The triple diagnostics is the basis for a safe and rational breast work-up and consists of:
- a clinical examination
- image diagnostics
- needle biopsy
Systematic inspection and palpation of the breasts, axilla, and infra- and supraclavicular fossa provide the basis for further diagnostics. Palpatory findings are recorded with localization (four quadrants and retroareolar area), size in millimeters, consistency, and mobility in relation to surrounding structures.
Clinical mammography is performed in women who have symptoms or signs in the breasts. Mammography is also used as screening to identify tumors in the pre-clinical phase.
Ultrasound examination (ultrasonography) is today a very important supplement to mammography.
Magnetic Resonance Imaging (MRI) is a great improvement in breast diagnostics due to the high sensitivity for invasive breast carcinoma. In most studies, the sensitivity is found to be around 95-97%. With ductal carcinoma in situ (DCIS), the sensitivity is however considerably lower. Mammography and ultrasound are the fundamental diagnostics, while MRI is only indicated in special cases.
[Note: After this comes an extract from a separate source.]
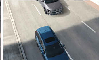
Holtérfigyelő rendszer, aktívfékezés-funkcióval (BCA)

Fine needle aspiration cytology (FNAC) can be done where there is a clinically apparent/palpable lesion.
Non-palpable, mammographic and/or ultrasound apparent lesions can be punctured with a fine needle using ultrasound guidance or ultrasound-guided core biopsy.
Ultrasound guided core biopsy is used in addition to or alone, for the same indications as the fine needle biopsy.
A patient program for breast cancer
A "Patient program" for cancer shall provide predictability and security for patients and their families and is a national standardized process which is evidence based .
The general practitioner should do a clinical examination of the breast and axillae before referring to "Patient program". A private imaging institute should carry out a mammography and ultrasound examination with preferably ultrasound-guided core biopsy.
Criteria for referral to "Patient program"
Justified suspicion of breast cancer occurs when one or more symptoms exists:
- Palpatory suspect tumor. A palpatory suspect tumor is usually fixed and not well-defined. It can be fixed to the surrounding tissue, skin or fascia
- Newly occuring nipple inversion which is not possible to retract
- New skin inversion
- Wounds or eczema-like changes on or around the nipple or areola
- Clinically suspicious lymph nodes in the armpit
Examination for invasive breast cancer
When the diagnosis is verified, it is important to identify whether it is an operable (T1-2NO-1M0) or inoperable (T3-4N0-3M0-1 or T1-2N2-3MO-1) tumor. This has implications for which examinations are appropriate and for the choice of treatment.
Blood tests and x-ray examination of lungs are not considered mandatory for screening examination of metastases if the patient does not belong to a high-risk group. These examinations will be performed according to the general medical evaluation.
If there is no anamnestic information, symptoms or signs rising suspicion of distant metastases, the preoperative examination will be limited to:
Postoperative evaluation of high-risk groups with operable mammary cancer
These patients should be evaluated for metastases before adjuvant treatment if this does not significantly delay start of treatment.
The following groups are considered at high risk:
- Lymph node positive HER2 positive patients
- Lymph node positive trippel negative patients
In women with locally advanced disease or metastatic disease, it is necessary to perform additional examinations before treatment regimen is decided.
For primary inoperable cancer, the following examinations are performed:
- blood tests (preoperative routine tests including ALP, gammaGT, and s-Ca++)
- CT of thorax, abdomen and pelvis
- ultrasound or CT of liver (if needed)
- bone scintigraphy (supplemented with X-ray if needed) or MRI of the spine/pelvis
- mammography (also for possible response evaluation of systemic treatment) and ultrasound of breast/axilla and possibly MRI of the breast
- other examinations on individual indications
Each case should be discussed with an oncologist before implementation of treatment.
MUGA or ECHO examination of the heart should be performed in patients who are to be treated with FEC100 regimen (HER-2 positive and locally advanced), to disclose the tolerability.